____ Data provided
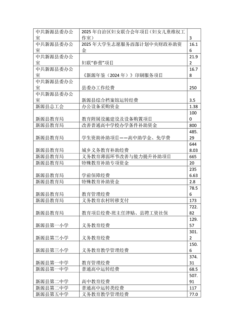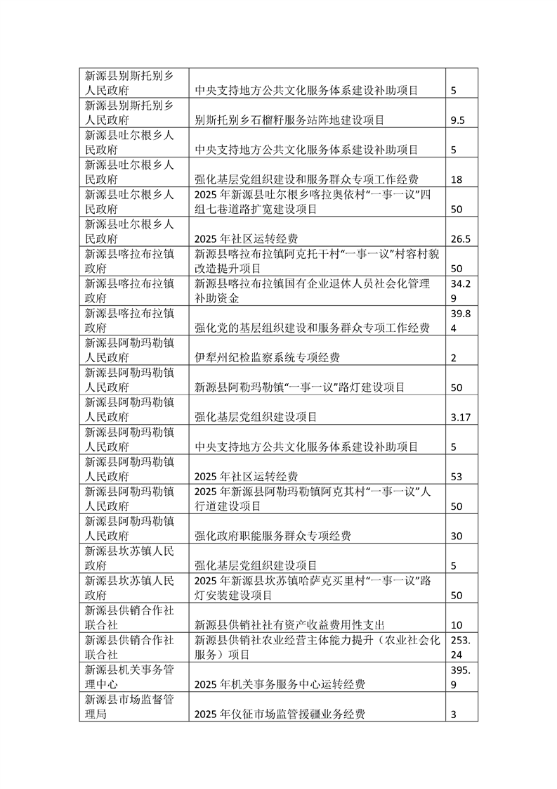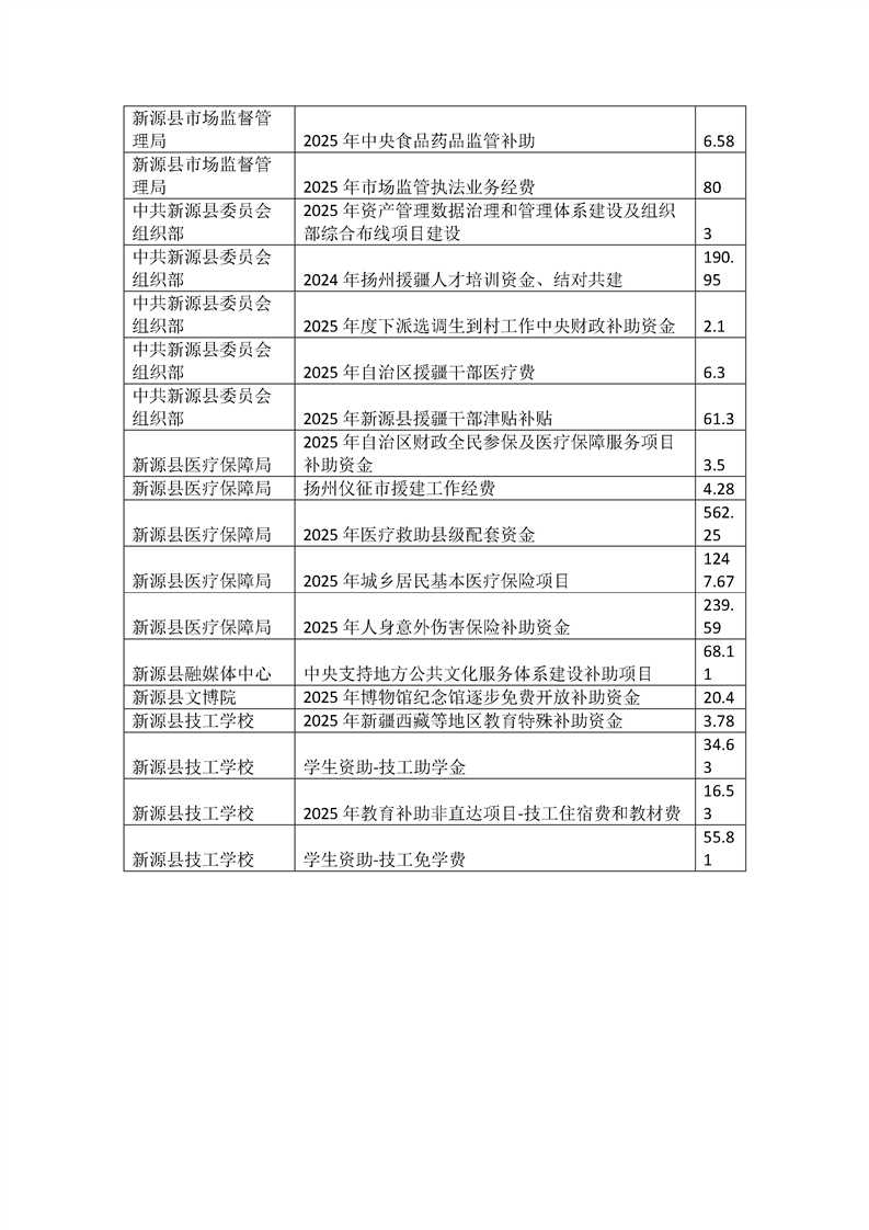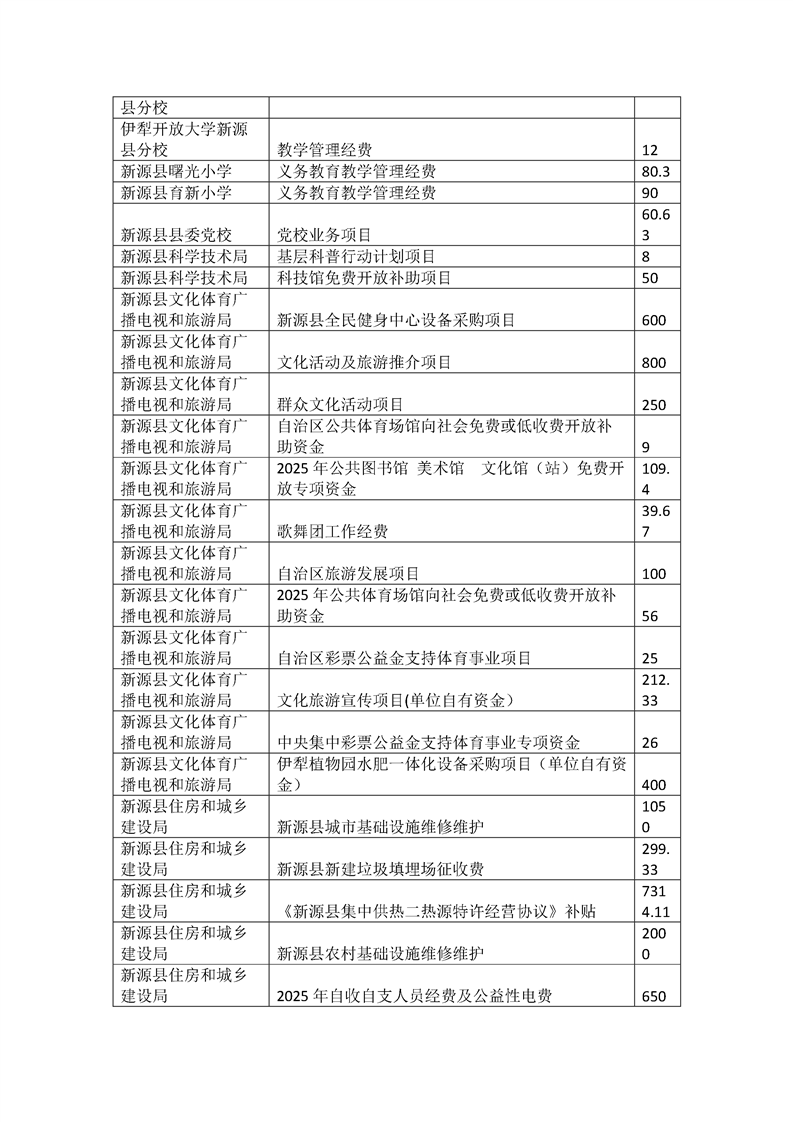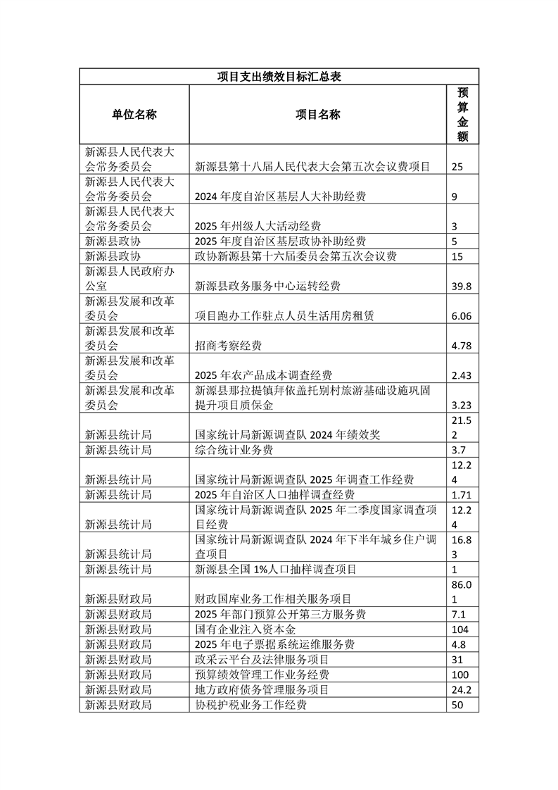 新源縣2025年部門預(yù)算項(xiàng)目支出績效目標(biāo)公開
________
____ Data provided
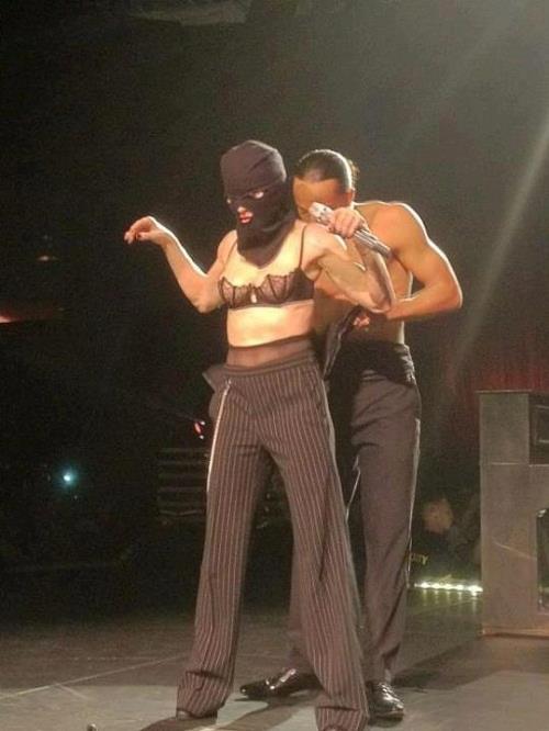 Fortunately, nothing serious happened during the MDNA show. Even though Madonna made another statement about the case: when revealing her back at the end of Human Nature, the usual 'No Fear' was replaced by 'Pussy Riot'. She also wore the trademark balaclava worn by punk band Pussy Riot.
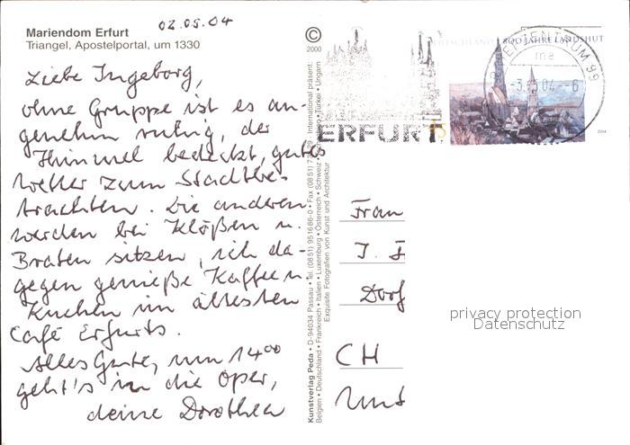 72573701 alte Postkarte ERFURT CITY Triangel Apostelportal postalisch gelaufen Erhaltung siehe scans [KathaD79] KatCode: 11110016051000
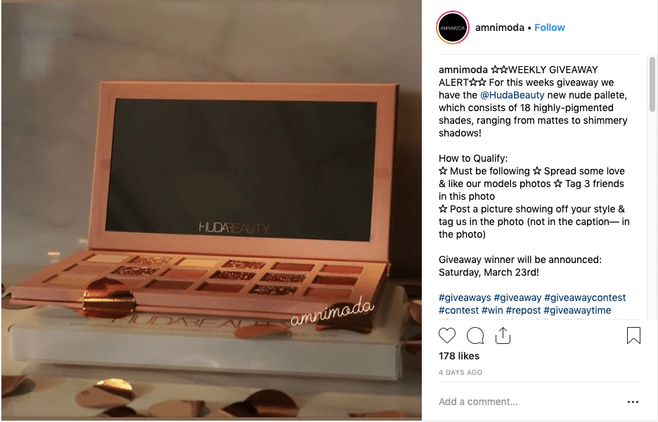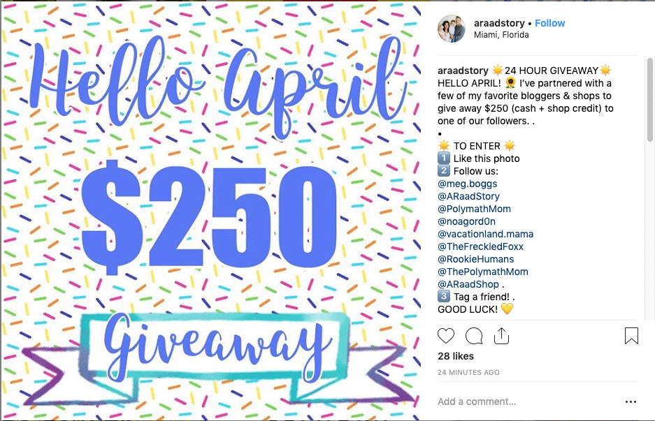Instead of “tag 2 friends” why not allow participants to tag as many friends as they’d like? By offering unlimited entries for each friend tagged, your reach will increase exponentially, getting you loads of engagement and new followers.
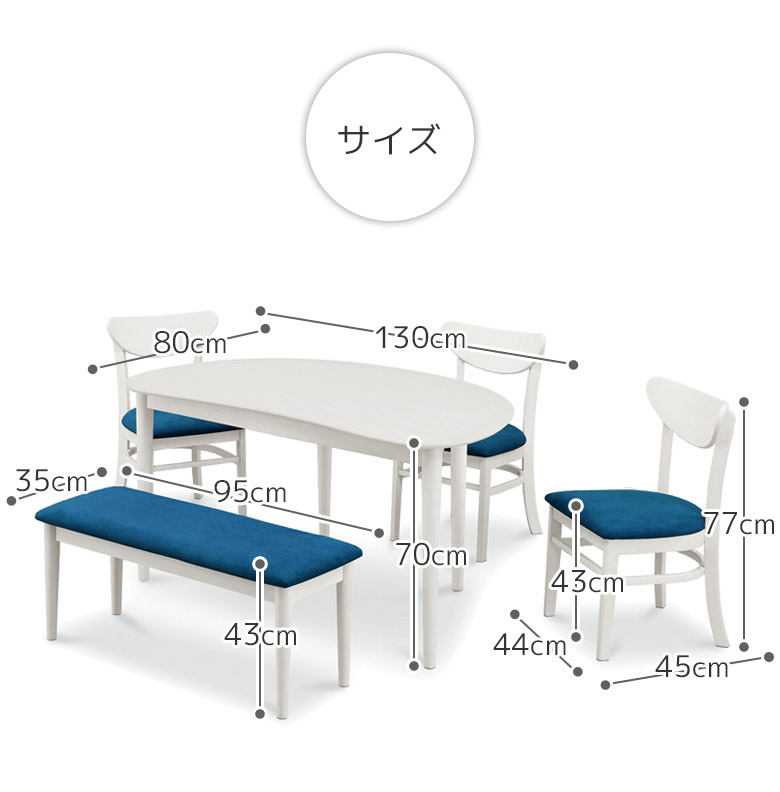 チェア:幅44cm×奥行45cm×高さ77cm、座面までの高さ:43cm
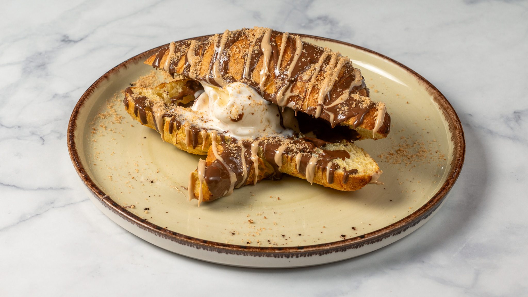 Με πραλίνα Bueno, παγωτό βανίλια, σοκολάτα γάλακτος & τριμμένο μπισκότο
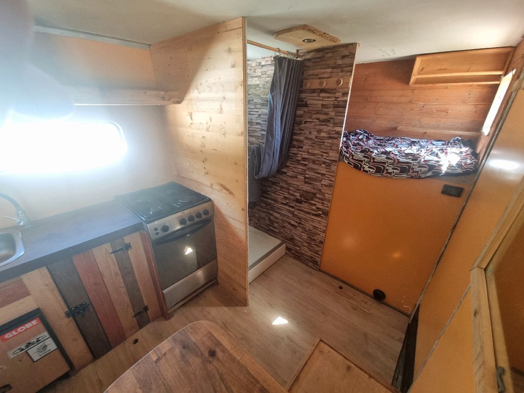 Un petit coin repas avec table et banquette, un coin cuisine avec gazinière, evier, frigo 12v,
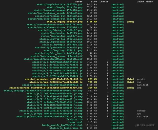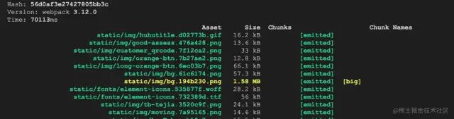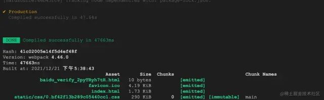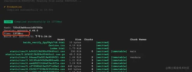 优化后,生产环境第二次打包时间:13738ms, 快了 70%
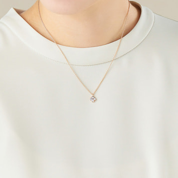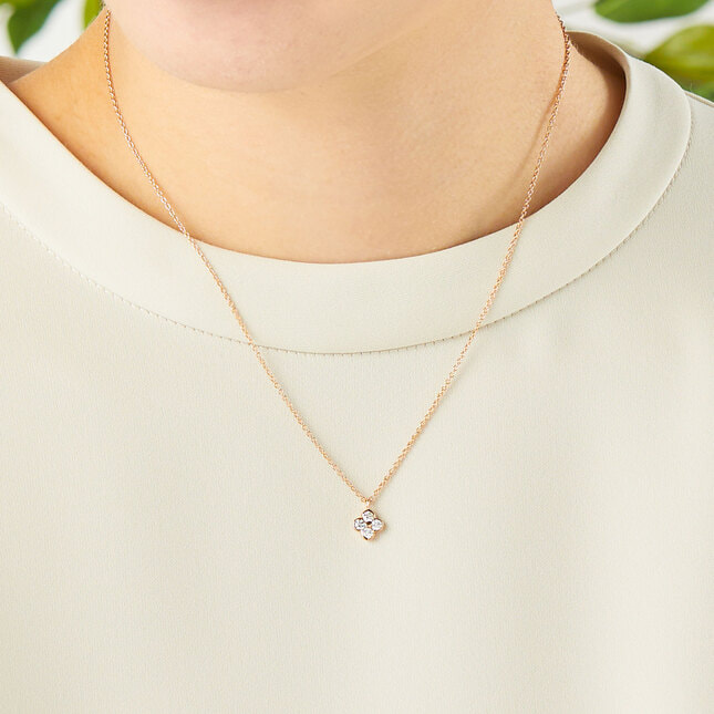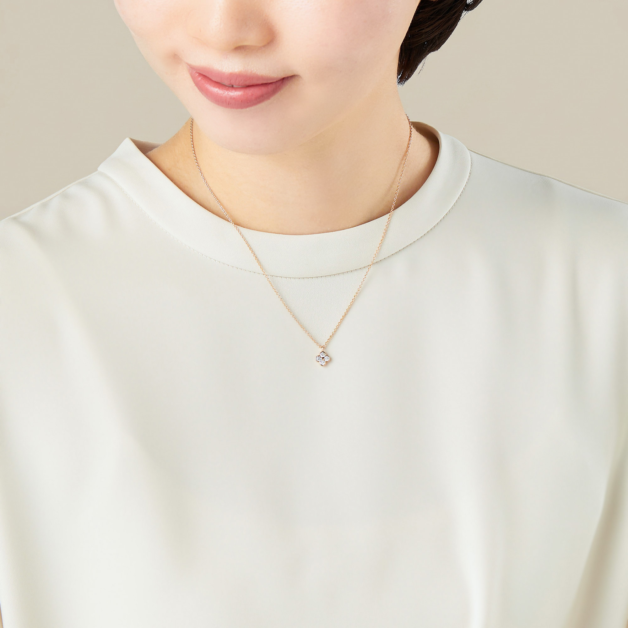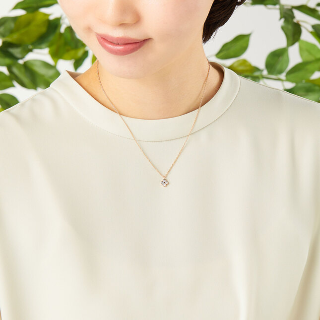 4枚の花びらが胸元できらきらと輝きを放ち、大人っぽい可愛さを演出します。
________
» Action item
Where a picture appears in the records above, omit it, and transcribe exactly the stretch of lines from the one with "Fortunately, nothing serious" through the one with "チェア:幅44cm×奥行45cm×高さ77cm、座面までの高さ:43cm".

» Exercise solution
 Fortunately, nothing serious happened during the MDNA show. Even though Madonna made another statement about the case: when revealing her back at the end of Human Nature, the usual 'No Fear' was replaced by 'Pussy Riot'. She also wore the trademark balaclava worn by punk band Pussy Riot.
 72573701 alte Postkarte ERFURT CITY Triangel Apostelportal postalisch gelaufen Erhaltung siehe scans [KathaD79] KatCode: 11110016051000
Instead of “tag 2 friends” why not allow participants to tag as many friends as they’d like? By offering unlimited entries for each friend tagged, your reach will increase exponentially, getting you loads of engagement and new followers.
 チェア:幅44cm×奥行45cm×高さ77cm、座面までの高さ:43cm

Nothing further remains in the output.